The very beautiful Mahira Khan has been “caught” by some nosey parker smoking a cigarette with an Indian actor in New York recently. They both look rumpled and tired, as one is when you’re probably jetlagged and exhausted. You can’t smoke inside most places in America now, so they have obviously stepped out for a quick smoke before heading back in. In any other universe this would be so boring and ordinary that nobody would care except for a few tabloids, but since this is Pakistan we care so much and so deeply about everything idiotic under the sun, and so let’s ignore our Chinese colonization and jihadis and Trump’s administration breathing down our necks and go wild because a woman—an independent, self-made, adult—is smoking!
It’s tiresome now. It’s almost downright boring the way everyone must completely lose their minds policing women. Doesn’t the patriarchy and all its minions ever get tired of constantly being on the lookout for some renegade woman doing something wrong so they can pounce? It must be like being in a Beckett play, perpetually waiting for a Godot of Moral Perfection that never comes, because the first part of being a decent human being is to not think badly of others, or speak ill of them. You judge someone for being a fast, terrible person but in passing that judgment, you become a terrible person yourself for presuming your morality is superior to someone else’s. Why is this so difficult to comprehend? It’s not the deepest logical conundrum. My eight year old understands this, but that is probably because I took the trouble to explain the concept to her and most of the people who use the internet are like the troll that lived under the bridge the in the children’s story—ill-mannered, always looking to pick a fight and eat a goat.

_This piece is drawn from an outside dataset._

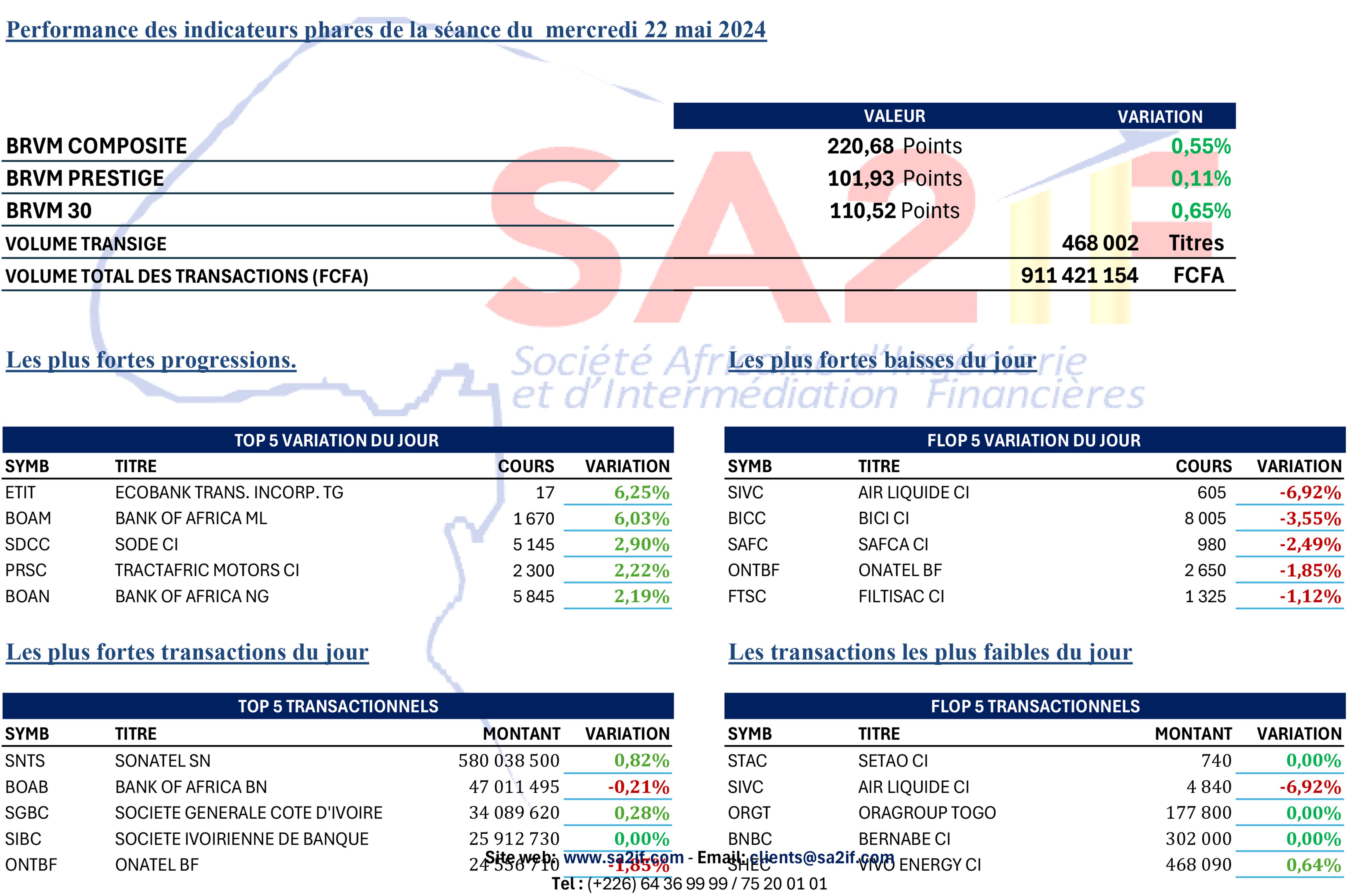 Commentaire des variations : Globalement le marché des actions de la BRVM a rebondi, clôturant dans le vert lors de la séance de cotation du jour. Ce retournement de tendance par rapport à la séance d’hier, s’est ressenti sur les trois indices phares du marché avec principalement celui représentatif du marché, le BRVM Composite qui a évolué de +0,55% affichant 220,68 points à la clôture.

Why does the sight of a woman smoking inspire such horror? I’m genuinely curious. We come from cultures where women have smoked hookahs for centuries. I’m fairly certain opium pipes were passed around and beedis puffed at just as frequently. When did smoking become the sign of the devil? There is a man, also smoking, but nobody minds that—it’s only the cigarette in the woman’s hand that signifies a fast, loose woman who has besmirched our national face. But this same national face is also descended from at least one hookah-smoking, tobacco-laced paan-chewing grandmother, who could also deliver one round clout to the same face if she heard us talking the smack we do now. Can you imagine someone telling your grandmother she was a bad woman because of her hookah and living to tell the tale?
Some people think celebrities have no right to privacy because fame implies courting a public gaze, but there is a difference between posting photos on Instagram or posing for paparazzi on a red carpet and having your photo taken unawares, and without your permission. If Khan had known someone was watching, maybe she wouldn’t have had a smoke (because all desi women know the Ghairat Brigade only needs an excuse to unleash the kraken). But she was just minding her own business one evening and someone took her picture, and because she is a woman and she was wearing a little sundress suddenly there is a scandal. As far as photos go, I wonder where our outrage, shock and horror go when we see photos of Hazara parents carrying their dead children, or the photo of Sharoon Masih who was murdered in July by his peers, or dirt-poor Rohingya refugees who live in slums in Karachi. These are genuinely shocking, gut-wrenching realities of our lives as Pakistanis. But at the end of the day, nothing is as absorbingly delightful as lambasting a woman for a transgression, real or imagined. Seventeen year olds being incited to murder by their teacher is small fry when there are women out there, just waiting to be ground into the dirt for the sins of their short hair or short shirts or taking the bus or just standing around not doing anything.
We live in a world where there are thousands of people ever-ready to issue death threats and acid attack threats online, to dox us, to send us dirty photos we didn’t ask for, to make us uncomfortable at work and unsafe outside. In any fight, in any conflict, in any scandal if there’s a woman involved then that’s where all the venom will go no matter what the man did. In the whole impeachment scandal in the US in the nineties, who came out worse—the President of the United States, married with a child, who was cheating on his wife, or the twenty-something, single and gullible intern he dallied with? In this episode, does anyone even care whether Ranbir Kapoor is even in the photo? The man could have been standing on his head wearing drag and nobody would have batted an eyelid because there was a woman there too, and the woman is always the primary target. Nobody genuinely cares about the safety and honour of women, but the language of policing always pretends it does. We talk about honour in the same breath as murder, so what’s a cigarette? I don’t smoke, but today I’m going to in solidarity with all the women who aren’t throwing acid on anyone’s face, who aren’t assaulting younger men, who aren’t getting paid more money for less work, who aren’t swaggering around like they own the universe: just sitting on a stoop, minding their own business, getting on with life.
The writer is a feminist based in Lahore.